* [YOUR INSTRUCTIONS] A faithful copy is required of the lines from the top of the entries through the line that contains "El papa Francisco", both included, with no pictures.

(Entries taken from a collection)
-------
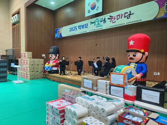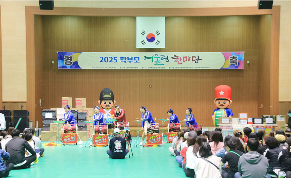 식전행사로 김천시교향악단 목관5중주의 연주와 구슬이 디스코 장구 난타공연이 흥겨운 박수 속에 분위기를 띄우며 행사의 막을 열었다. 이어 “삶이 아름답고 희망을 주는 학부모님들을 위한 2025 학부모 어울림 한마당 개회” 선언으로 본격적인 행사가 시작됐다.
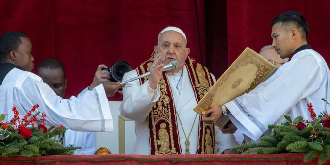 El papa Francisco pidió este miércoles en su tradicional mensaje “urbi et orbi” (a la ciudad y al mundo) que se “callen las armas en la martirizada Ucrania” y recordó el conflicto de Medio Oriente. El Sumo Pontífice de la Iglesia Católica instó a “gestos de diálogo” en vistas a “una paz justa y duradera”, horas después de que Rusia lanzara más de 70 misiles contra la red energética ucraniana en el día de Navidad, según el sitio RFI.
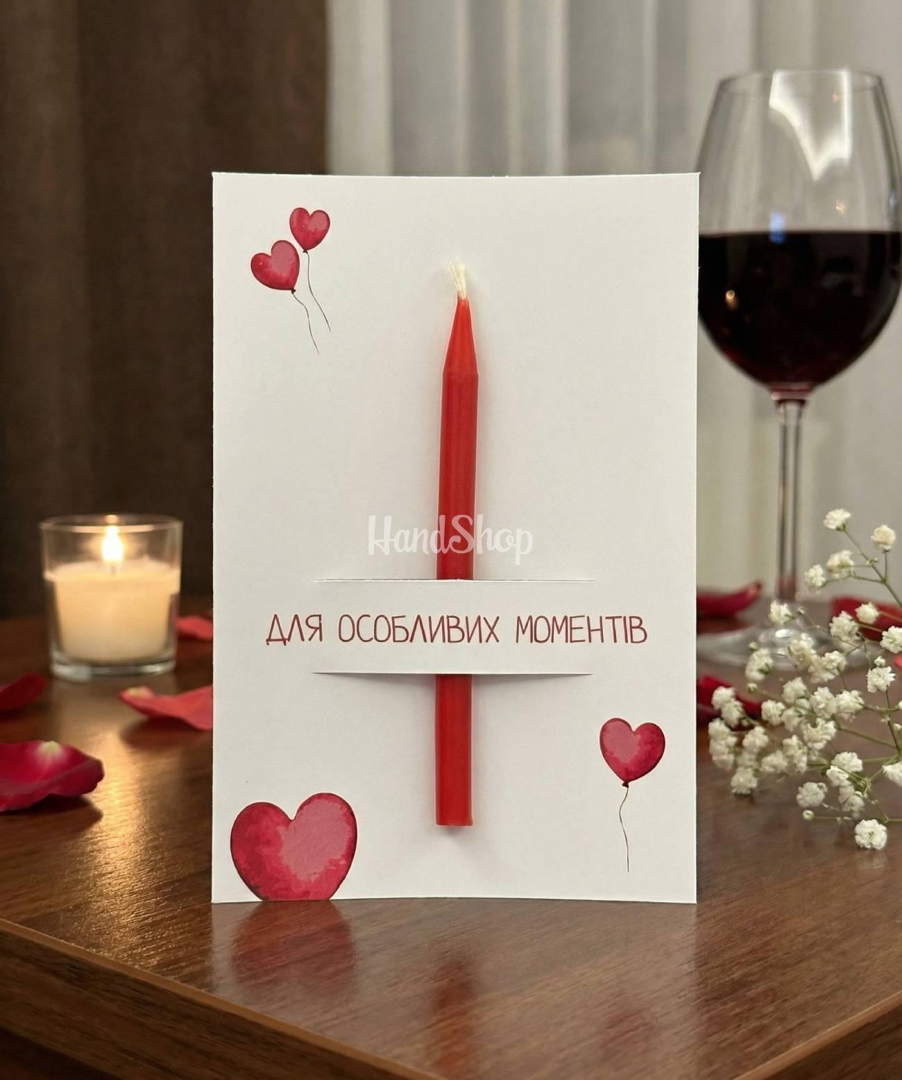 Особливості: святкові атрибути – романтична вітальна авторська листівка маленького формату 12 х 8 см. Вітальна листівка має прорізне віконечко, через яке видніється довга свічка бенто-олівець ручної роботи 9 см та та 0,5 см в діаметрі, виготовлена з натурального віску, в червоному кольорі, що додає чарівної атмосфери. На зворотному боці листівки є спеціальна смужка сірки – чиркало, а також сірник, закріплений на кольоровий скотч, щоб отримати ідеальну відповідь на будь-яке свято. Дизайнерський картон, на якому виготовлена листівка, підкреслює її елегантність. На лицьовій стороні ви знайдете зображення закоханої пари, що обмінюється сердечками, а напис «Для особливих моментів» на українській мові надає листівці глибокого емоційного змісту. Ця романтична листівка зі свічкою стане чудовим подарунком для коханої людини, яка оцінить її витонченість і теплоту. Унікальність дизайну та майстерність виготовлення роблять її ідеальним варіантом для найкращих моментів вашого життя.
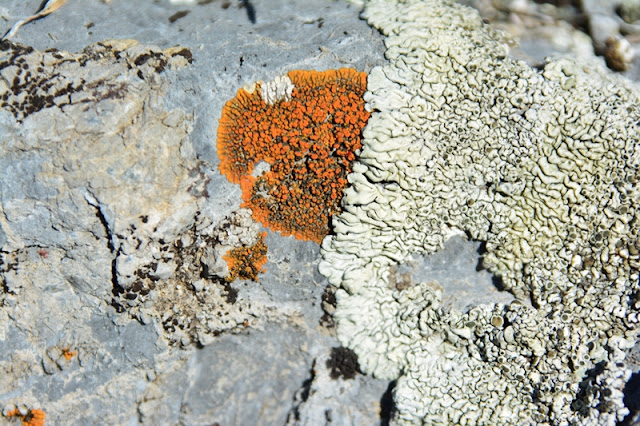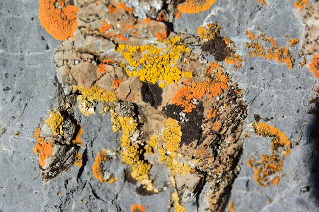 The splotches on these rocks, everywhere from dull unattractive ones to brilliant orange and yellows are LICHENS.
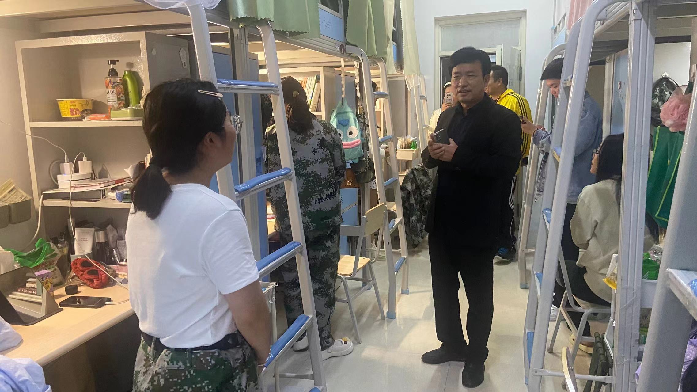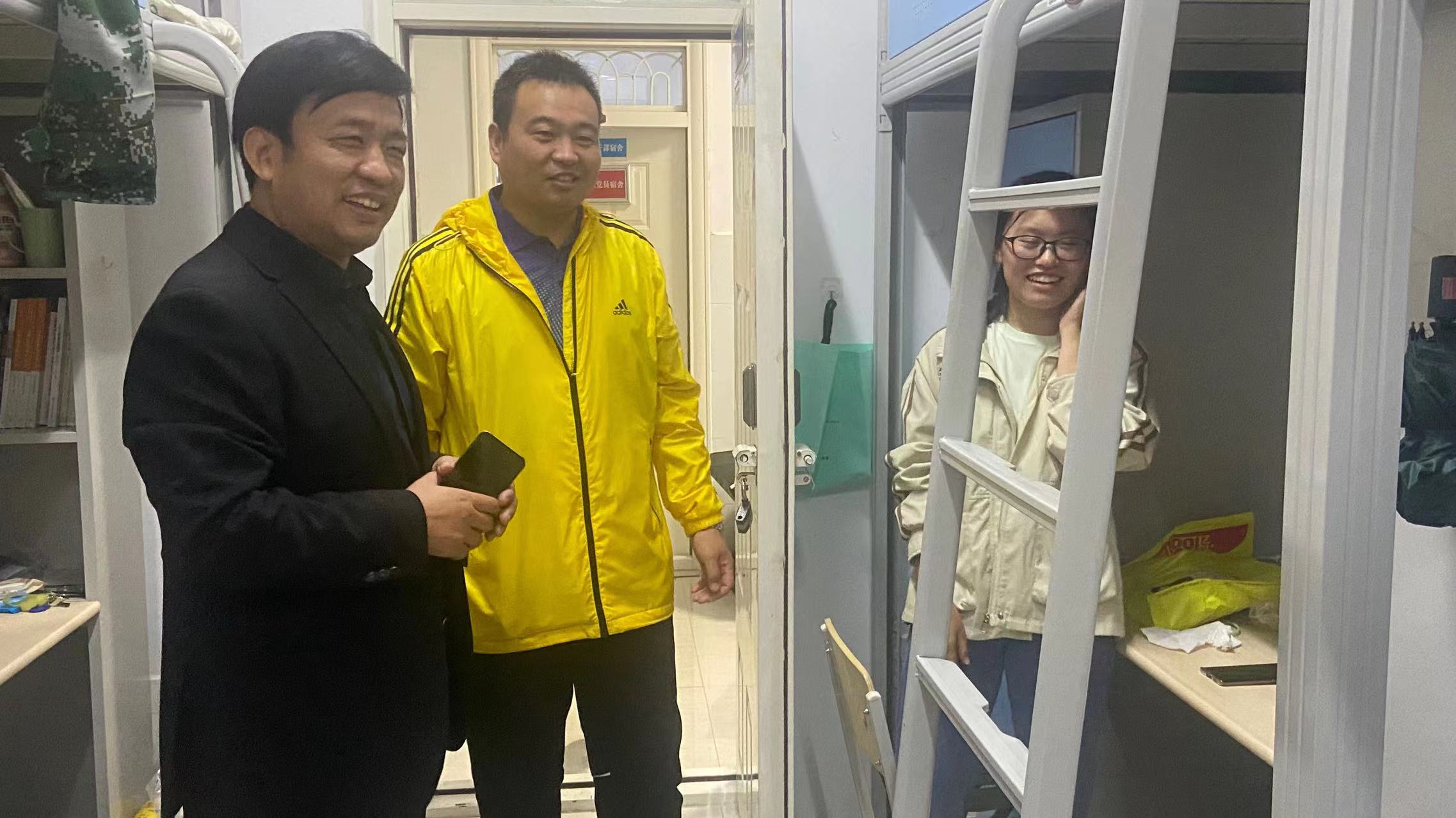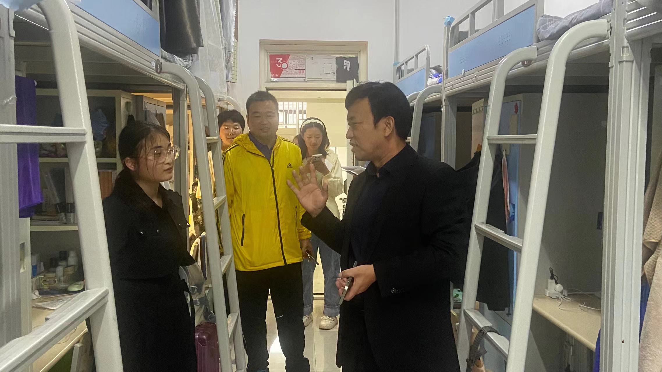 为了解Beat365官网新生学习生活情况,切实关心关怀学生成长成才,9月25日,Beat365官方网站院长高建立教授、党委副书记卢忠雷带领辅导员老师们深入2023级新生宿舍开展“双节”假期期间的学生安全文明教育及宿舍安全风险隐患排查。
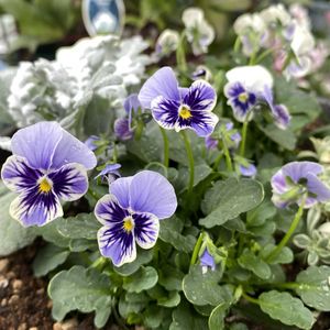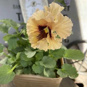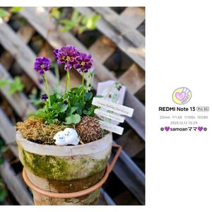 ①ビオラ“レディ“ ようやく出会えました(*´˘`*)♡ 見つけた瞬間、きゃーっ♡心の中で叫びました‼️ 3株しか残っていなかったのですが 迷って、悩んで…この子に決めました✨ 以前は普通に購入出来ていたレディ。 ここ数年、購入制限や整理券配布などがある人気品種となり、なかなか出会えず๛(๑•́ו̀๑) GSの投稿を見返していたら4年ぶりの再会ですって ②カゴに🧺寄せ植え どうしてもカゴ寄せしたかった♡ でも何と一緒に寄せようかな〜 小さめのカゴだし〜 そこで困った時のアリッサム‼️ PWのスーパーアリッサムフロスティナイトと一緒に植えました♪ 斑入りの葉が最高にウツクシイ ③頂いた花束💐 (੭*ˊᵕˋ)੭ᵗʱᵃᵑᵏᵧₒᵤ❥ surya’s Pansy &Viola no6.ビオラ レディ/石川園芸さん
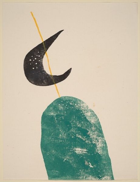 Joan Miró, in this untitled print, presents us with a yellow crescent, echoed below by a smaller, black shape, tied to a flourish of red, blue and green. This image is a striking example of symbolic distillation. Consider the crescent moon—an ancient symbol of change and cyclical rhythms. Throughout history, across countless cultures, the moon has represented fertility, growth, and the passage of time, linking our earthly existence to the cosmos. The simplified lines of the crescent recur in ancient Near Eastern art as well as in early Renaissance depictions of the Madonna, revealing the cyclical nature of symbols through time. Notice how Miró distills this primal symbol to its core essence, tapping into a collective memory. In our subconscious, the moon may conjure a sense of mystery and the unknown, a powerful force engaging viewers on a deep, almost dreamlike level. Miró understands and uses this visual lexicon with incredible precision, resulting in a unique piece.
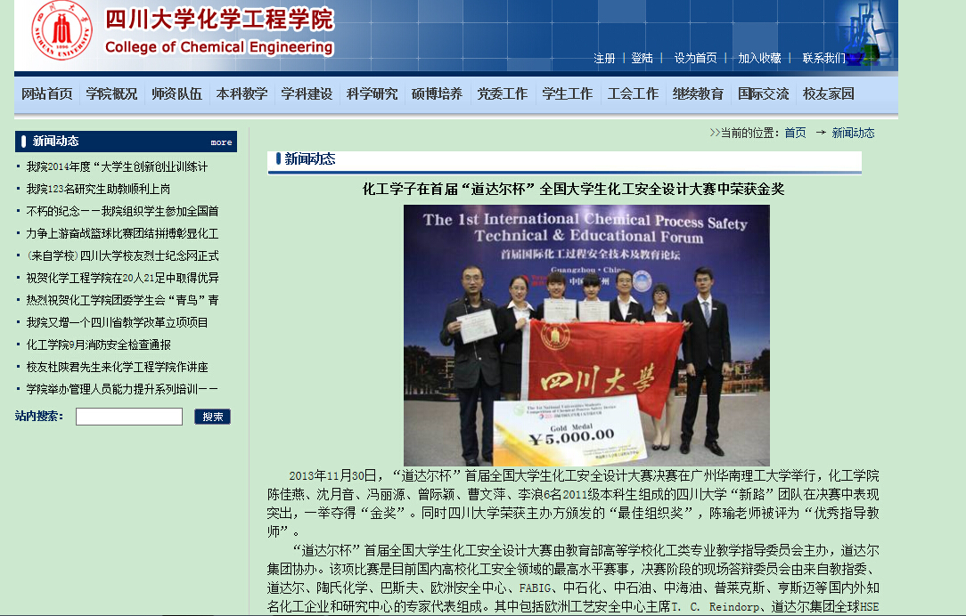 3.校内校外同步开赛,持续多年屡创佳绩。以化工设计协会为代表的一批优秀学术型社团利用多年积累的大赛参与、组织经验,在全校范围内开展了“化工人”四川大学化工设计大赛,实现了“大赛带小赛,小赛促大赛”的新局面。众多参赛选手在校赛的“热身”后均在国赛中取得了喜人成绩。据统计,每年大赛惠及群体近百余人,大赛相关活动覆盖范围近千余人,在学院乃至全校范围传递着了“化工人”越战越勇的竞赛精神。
-------
* [THE ANSWER]
 식전행사로 김천시교향악단 목관5중주의 연주와 구슬이 디스코 장구 난타공연이 흥겨운 박수 속에 분위기를 띄우며 행사의 막을 열었다. 이어 “삶이 아름답고 희망을 주는 학부모님들을 위한 2025 학부모 어울림 한마당 개회” 선언으로 본격적인 행사가 시작됐다.
 El papa Francisco pidió este miércoles en su tradicional mensaje “urbi et orbi” (a la ciudad y al mundo) que se “callen las armas en la martirizada Ucrania” y recordó el conflicto de Medio Oriente. El Sumo Pontífice de la Iglesia Católica instó a “gestos de diálogo” en vistas a “una paz justa y duradera”, horas después de que Rusia lanzara más de 70 misiles contra la red energética ucraniana en el día de Navidad, según el sitio RFI.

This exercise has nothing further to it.